Kin acordou em casa, na cama confortável de seu caloroso quarto. Continuou deitada. O cansaço não abandonou seu corpo totalmente, seu cérebro estava demorando um pouco mais do que o normal para processar as memórias e por isso ela teve alguns doces momentos de ignorância sobre os problemas. Sentia o mais belo fruto do esquecimento: a paz. Paz que infelizmente durou pouco.

Ao lembrar de tudo, levantou-se em um salto. Correu para fora do quarto, desceu as escadas e procurou Mari ou Haru na sala. Nenhum dos dois estava lá.

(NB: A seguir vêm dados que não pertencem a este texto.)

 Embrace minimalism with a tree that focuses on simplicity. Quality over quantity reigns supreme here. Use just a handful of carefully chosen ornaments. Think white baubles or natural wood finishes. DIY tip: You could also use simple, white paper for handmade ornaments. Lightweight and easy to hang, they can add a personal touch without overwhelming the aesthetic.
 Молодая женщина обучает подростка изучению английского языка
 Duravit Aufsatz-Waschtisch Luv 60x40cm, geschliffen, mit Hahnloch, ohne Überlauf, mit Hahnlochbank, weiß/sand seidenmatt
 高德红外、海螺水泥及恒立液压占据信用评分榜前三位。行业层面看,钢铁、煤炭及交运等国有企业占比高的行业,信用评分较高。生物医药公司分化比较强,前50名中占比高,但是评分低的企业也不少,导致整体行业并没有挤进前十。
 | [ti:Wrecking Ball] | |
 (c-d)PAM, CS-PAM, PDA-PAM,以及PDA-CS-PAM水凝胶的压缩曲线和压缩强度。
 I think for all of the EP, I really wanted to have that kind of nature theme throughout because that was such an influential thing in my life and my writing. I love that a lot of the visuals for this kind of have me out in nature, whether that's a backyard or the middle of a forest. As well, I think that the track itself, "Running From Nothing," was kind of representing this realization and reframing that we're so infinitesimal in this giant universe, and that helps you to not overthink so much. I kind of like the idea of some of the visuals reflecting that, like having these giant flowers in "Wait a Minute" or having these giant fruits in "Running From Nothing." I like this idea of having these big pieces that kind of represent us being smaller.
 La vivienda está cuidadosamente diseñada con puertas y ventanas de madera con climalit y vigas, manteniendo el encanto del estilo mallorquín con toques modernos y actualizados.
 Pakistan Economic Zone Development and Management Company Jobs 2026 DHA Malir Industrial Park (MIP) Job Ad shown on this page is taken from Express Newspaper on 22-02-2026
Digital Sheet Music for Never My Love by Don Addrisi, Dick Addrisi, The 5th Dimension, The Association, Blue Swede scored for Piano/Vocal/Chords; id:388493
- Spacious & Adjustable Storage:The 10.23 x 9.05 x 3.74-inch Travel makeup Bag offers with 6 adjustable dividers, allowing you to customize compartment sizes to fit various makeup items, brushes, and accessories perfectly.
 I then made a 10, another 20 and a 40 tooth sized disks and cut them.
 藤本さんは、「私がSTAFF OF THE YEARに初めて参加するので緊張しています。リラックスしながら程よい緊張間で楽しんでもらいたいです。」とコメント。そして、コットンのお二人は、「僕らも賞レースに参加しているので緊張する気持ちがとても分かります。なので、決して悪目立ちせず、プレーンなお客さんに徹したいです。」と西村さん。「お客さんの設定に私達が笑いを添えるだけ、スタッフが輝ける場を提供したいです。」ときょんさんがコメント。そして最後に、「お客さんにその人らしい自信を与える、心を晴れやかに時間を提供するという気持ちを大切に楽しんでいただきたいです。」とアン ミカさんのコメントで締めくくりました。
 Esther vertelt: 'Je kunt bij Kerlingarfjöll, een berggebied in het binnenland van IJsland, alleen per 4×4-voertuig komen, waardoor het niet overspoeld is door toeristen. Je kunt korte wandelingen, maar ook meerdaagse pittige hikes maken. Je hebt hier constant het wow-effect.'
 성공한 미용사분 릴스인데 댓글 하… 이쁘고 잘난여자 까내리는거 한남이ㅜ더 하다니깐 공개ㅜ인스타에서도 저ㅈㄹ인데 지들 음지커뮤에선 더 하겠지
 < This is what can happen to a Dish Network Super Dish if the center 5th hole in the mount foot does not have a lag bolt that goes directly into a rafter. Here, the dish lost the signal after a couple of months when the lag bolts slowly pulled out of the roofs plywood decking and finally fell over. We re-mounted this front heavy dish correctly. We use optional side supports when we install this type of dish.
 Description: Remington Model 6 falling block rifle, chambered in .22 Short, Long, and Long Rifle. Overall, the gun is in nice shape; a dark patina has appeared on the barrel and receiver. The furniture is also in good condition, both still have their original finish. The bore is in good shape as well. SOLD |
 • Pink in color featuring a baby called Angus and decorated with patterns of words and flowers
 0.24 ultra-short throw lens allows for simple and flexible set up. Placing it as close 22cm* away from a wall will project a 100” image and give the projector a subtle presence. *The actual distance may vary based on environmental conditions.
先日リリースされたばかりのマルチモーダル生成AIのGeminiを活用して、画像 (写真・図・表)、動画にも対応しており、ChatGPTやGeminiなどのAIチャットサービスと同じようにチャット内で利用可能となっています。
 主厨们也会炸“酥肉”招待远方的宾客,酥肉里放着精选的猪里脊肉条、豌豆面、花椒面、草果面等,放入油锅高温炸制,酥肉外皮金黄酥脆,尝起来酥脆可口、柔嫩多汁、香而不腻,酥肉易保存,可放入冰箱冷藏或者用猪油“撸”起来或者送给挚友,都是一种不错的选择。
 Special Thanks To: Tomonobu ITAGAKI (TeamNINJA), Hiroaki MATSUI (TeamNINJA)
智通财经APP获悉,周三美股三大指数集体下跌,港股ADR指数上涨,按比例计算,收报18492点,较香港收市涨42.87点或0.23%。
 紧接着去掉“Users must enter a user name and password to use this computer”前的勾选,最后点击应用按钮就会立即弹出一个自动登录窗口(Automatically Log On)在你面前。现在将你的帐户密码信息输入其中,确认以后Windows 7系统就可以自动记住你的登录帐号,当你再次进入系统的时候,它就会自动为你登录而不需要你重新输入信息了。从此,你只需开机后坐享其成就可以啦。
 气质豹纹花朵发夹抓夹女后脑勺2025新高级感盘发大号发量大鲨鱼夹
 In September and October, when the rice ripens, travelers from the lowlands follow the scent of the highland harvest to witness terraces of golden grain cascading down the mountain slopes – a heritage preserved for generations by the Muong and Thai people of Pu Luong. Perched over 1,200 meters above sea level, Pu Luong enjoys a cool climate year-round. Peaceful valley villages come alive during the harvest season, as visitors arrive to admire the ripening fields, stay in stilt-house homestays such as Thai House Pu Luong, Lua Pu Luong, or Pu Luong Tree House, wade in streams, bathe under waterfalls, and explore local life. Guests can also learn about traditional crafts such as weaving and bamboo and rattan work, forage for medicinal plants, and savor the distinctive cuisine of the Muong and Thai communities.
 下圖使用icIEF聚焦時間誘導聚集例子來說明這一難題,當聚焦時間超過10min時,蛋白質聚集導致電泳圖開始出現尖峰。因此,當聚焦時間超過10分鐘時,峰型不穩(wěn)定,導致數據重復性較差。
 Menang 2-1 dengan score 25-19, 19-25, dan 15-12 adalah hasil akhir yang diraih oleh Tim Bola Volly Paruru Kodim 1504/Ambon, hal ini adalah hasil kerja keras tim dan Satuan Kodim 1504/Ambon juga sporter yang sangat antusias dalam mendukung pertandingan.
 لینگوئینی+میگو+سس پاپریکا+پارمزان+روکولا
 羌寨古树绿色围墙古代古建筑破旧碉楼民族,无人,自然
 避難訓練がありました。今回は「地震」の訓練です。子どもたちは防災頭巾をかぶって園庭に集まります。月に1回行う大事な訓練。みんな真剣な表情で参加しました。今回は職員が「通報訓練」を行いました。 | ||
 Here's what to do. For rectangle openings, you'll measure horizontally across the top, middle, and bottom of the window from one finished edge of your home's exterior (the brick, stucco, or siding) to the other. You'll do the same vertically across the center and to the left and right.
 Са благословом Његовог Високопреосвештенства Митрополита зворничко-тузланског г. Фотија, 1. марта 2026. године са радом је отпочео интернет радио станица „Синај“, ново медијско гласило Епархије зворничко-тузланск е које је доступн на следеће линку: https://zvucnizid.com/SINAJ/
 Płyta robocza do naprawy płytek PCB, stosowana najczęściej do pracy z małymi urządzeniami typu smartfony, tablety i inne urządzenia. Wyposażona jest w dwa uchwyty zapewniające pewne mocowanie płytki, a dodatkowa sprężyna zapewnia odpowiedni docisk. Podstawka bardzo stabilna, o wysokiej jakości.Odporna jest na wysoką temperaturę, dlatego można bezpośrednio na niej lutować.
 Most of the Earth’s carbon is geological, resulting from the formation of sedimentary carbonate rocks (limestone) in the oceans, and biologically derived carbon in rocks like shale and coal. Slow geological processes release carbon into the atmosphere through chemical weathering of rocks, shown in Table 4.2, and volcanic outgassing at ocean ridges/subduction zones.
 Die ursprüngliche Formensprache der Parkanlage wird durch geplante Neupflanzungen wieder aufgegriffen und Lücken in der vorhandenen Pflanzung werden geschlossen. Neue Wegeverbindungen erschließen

Ouviu um barulho, teve certeza, portanto, de que não estava sozinha em casa.

Mari, muito tensa, saiu da cozinha e, pisando em ovos, disse:

 — Kin, eu soube do Arashi e ainda não consigo acreditar...

Então aconteceu mesmo, alguma parte de Kin ainda estava presa à esperança de que tudo aquilo foi apenas um sonho, uma peça que sua sádica mente lhe pregou. 

— Que horas são? — Perguntou, olhando em volta em busca de algum relógio. Perdeu completamente a noção do tempo, para piorar as janelas da sala estavam cobertas por cortinas.

— Quatro e treze da tarde. Ligaram pra cá dizendo que o levaram para a décima quinta, quer que eu vá com você? 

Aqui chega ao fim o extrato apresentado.